───── Information shown
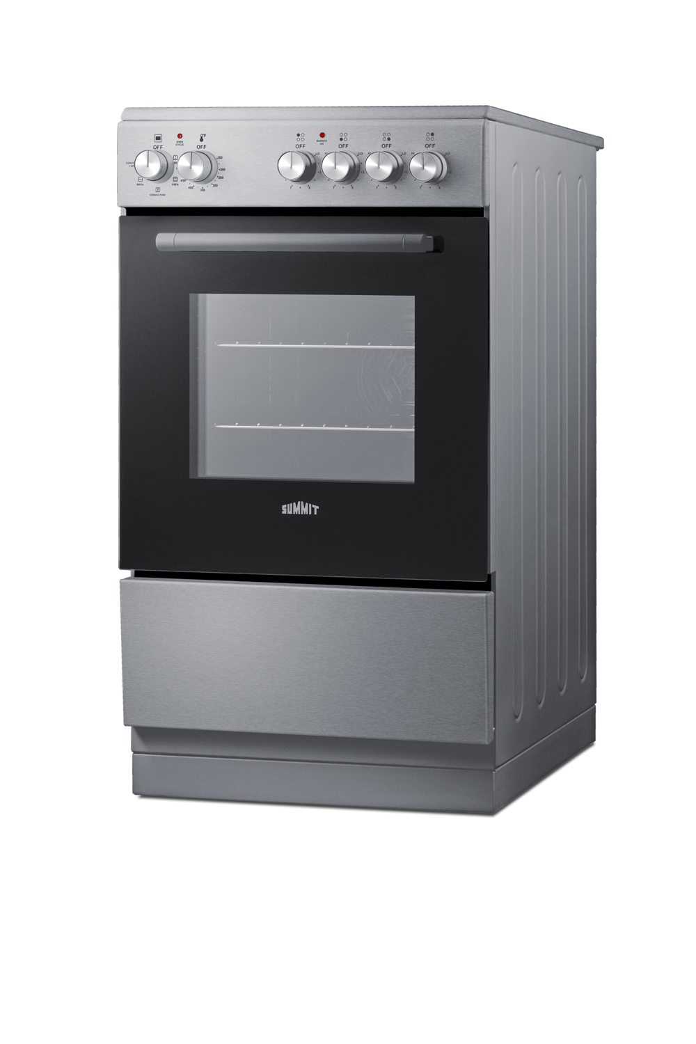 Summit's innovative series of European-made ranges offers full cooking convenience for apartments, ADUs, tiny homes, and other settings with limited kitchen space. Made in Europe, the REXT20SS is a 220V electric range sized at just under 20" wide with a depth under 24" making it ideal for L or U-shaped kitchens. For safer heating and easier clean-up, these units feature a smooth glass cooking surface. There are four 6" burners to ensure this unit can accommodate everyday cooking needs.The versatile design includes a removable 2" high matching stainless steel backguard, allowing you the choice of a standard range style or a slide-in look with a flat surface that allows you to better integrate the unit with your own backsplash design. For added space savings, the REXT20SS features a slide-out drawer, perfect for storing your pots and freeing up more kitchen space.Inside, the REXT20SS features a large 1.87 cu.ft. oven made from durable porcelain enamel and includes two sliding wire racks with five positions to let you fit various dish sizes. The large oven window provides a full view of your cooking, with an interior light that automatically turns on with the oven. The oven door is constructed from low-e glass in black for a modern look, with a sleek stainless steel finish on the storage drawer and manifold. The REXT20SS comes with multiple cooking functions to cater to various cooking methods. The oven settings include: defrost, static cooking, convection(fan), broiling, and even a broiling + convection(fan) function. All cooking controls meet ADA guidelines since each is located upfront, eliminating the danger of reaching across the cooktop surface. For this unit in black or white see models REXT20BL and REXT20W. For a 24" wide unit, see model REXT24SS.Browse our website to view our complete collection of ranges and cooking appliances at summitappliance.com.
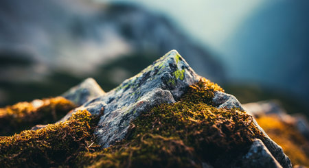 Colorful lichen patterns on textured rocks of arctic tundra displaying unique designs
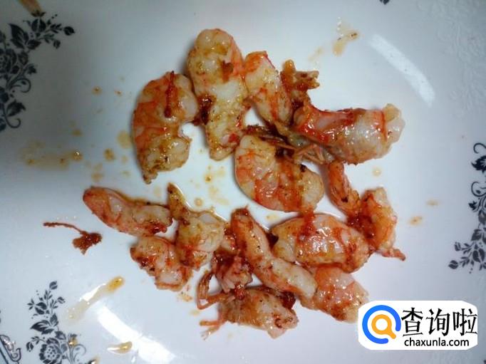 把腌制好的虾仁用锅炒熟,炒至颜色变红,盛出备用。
──────────
Each line of the data above should be reproduced without alteration, and no picture should appear in the copy.

### Written answer:
 Summit's innovative series of European-made ranges offers full cooking convenience for apartments, ADUs, tiny homes, and other settings with limited kitchen space. Made in Europe, the REXT20SS is a 220V electric range sized at just under 20" wide with a depth under 24" making it ideal for L or U-shaped kitchens. For safer heating and easier clean-up, these units feature a smooth glass cooking surface. There are four 6" burners to ensure this unit can accommodate everyday cooking needs.The versatile design includes a removable 2" high matching stainless steel backguard, allowing you the choice of a standard range style or a slide-in look with a flat surface that allows you to better integrate the unit with your own backsplash design. For added space savings, the REXT20SS features a slide-out drawer, perfect for storing your pots and freeing up more kitchen space.Inside, the REXT20SS features a large 1.87 cu.ft. oven made from durable porcelain enamel and includes two sliding wire racks with five positions to let you fit various dish sizes. The large oven window provides a full view of your cooking, with an interior light that automatically turns on with the oven. The oven door is constructed from low-e glass in black for a modern look, with a sleek stainless steel finish on the storage drawer and manifold. The REXT20SS comes with multiple cooking functions to cater to various cooking methods. The oven settings include: defrost, static cooking, convection(fan), broiling, and even a broiling + convection(fan) function. All cooking controls meet ADA guidelines since each is located upfront, eliminating the danger of reaching across the cooktop surface. For this unit in black or white see models REXT20BL and REXT20W. For a 24" wide unit, see model REXT24SS.Browse our website to view our complete collection of ranges and cooking appliances at summitappliance.com.
 Colorful lichen patterns on textured rocks of arctic tundra displaying unique designs
 把腌制好的虾仁用锅炒熟,炒至颜色变红,盛出备用。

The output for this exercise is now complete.